To Plead Our Own Cause by Kevin Bales; Zoe Trodd
Call Number: 306.362 T627 2008
Publication Date: 2008
Boys strapped to carpet looms in India, women trafficked into sex slavery across Europe, children born into bondage in Mauritania, and migrants imprisoned at gunpoint in the United States are just a few of the many forms slavery takes in the twenty-first century. There are twenty-seven million slaves alive today, more than at any point in history, and they are found on every continent in the world except Antarctica. To Plead Our Own Cause contains ninety-five narratives by slaves and former slaves from around the globe.

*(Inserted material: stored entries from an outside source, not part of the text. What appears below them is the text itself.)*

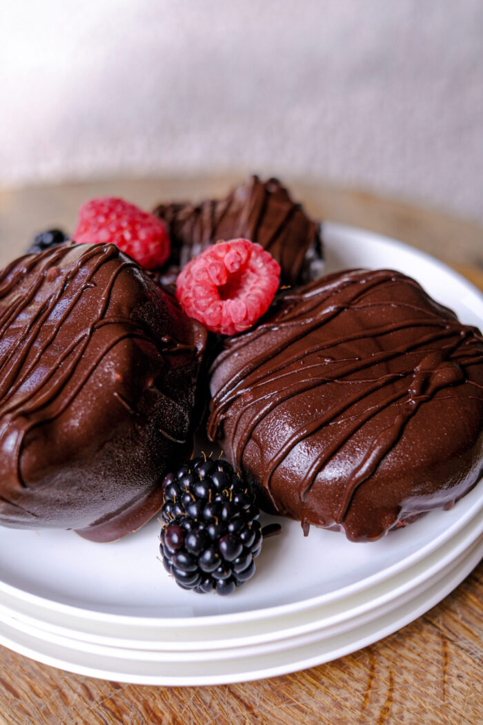 - Tip: Met de overgebleven chocolade kun je een mooie drizzle maken. Doe de gesmolten chocolade in een plastic zakje, knip een klein puntje af en gebruik het als spuitzak!
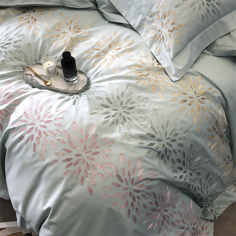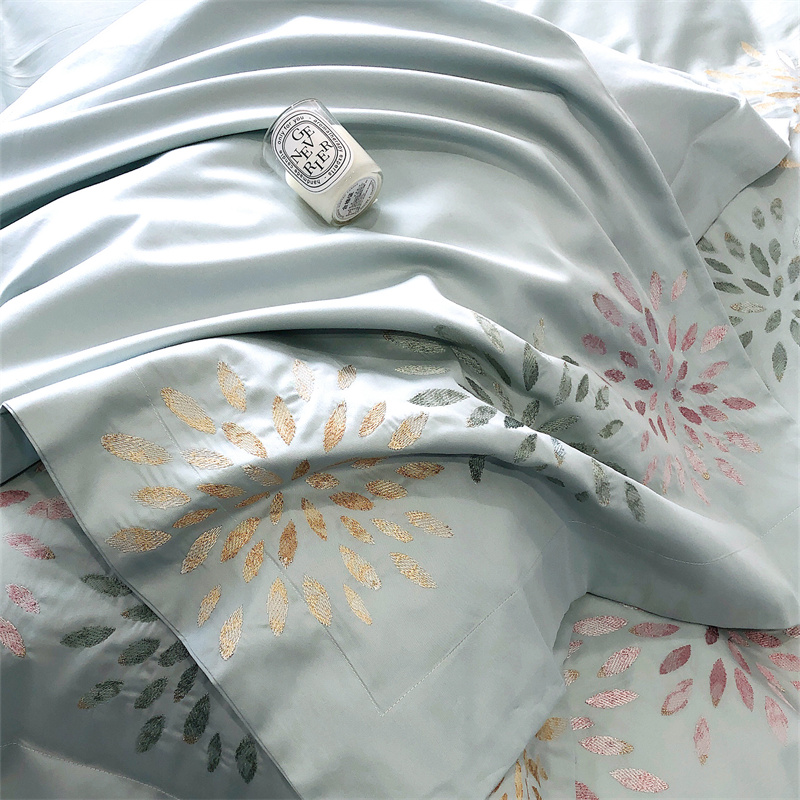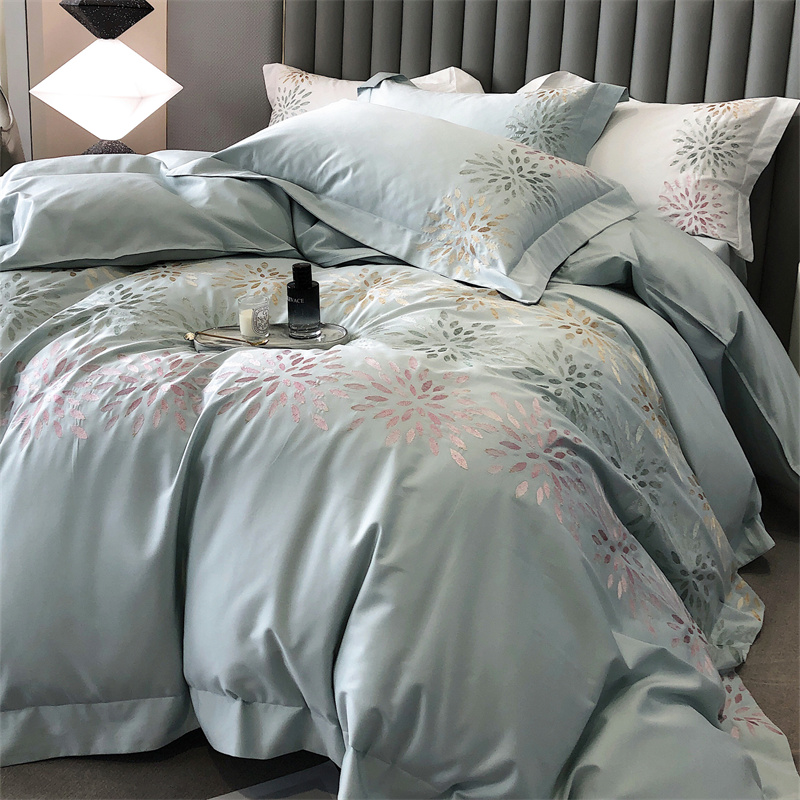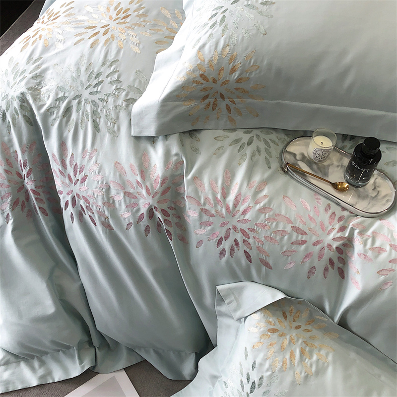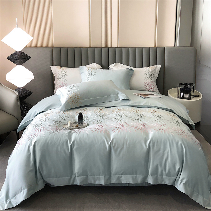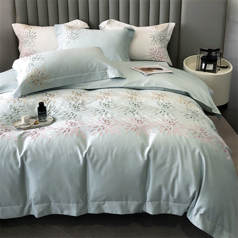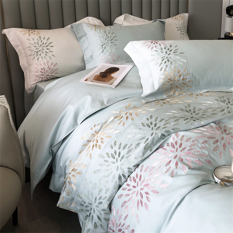 鹿班家居 2024新款100支长绒棉精密刺绣系列四件套-南乔 南乔-青白
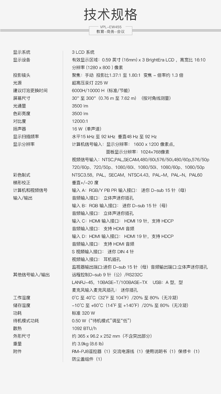 商品名称:索尼(SONY)VPL-EW455 投影仪 投影机办公(高清WXGA 3500流明 HDMI高清接口)
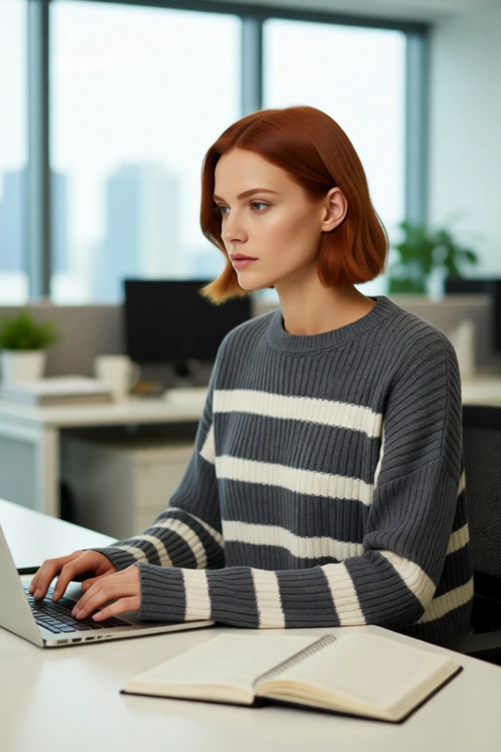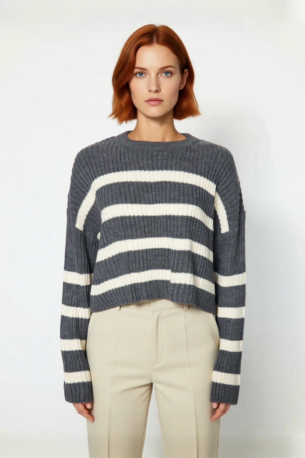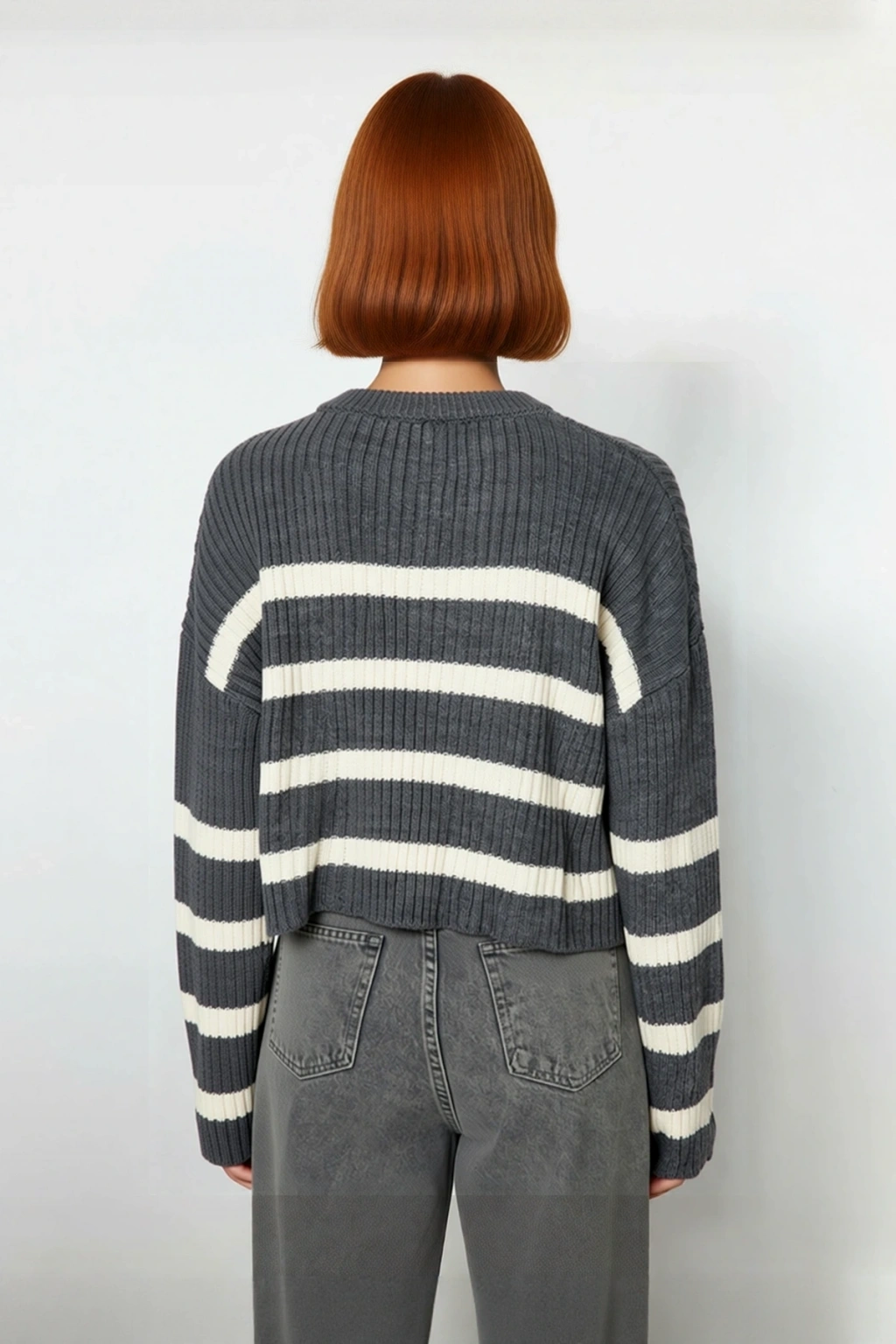 Ürün Özellikleri: Oversize kalıp, akrilik materyal, çizgili desen, bisiklet yaka, düşük kol, triko kumaş, gri renk.

Told in the words of slaves themselves, the narratives movingly and eloquently chronicle the horrors of contemporary slavery, the process of becoming free, and the challenges faced by former slaves as they build a life in freedom.
Other Dreams of Freedom by Yvonne C. Zimmerman
Call Number: 261.833 Z729o 2013
Publication Date: 2012
Widely recognized as one of the most pressing human rights issues, human trafficking has captured worldwide attention as a crucial moral and political issue, perhaps nowhere more than in the United States. Since they were signed into law in 2000, U.S. federal laws and policies on human trafficking have been understood as concrete expressions of the civic values of personal and political freedom. Yet these policies have also been characterized by a marked preoccupation with regulation, especially sexual regulation. Yvonne C. Zimmerman offers a groundbreaking exploration of the relationship between freedom and sexual regulation in American approaches to human trafficking. She argues that the religious values of American Protestantism have indelibly shaped the federal government's approach to engaging human trafficking, and that the trajectory of the U.S.'s anti-trafficking efforts cannot be fully grasped without an understanding of the unique ways in which sex, morality and freedom are connected in Protestant Christian configurations of the moral world.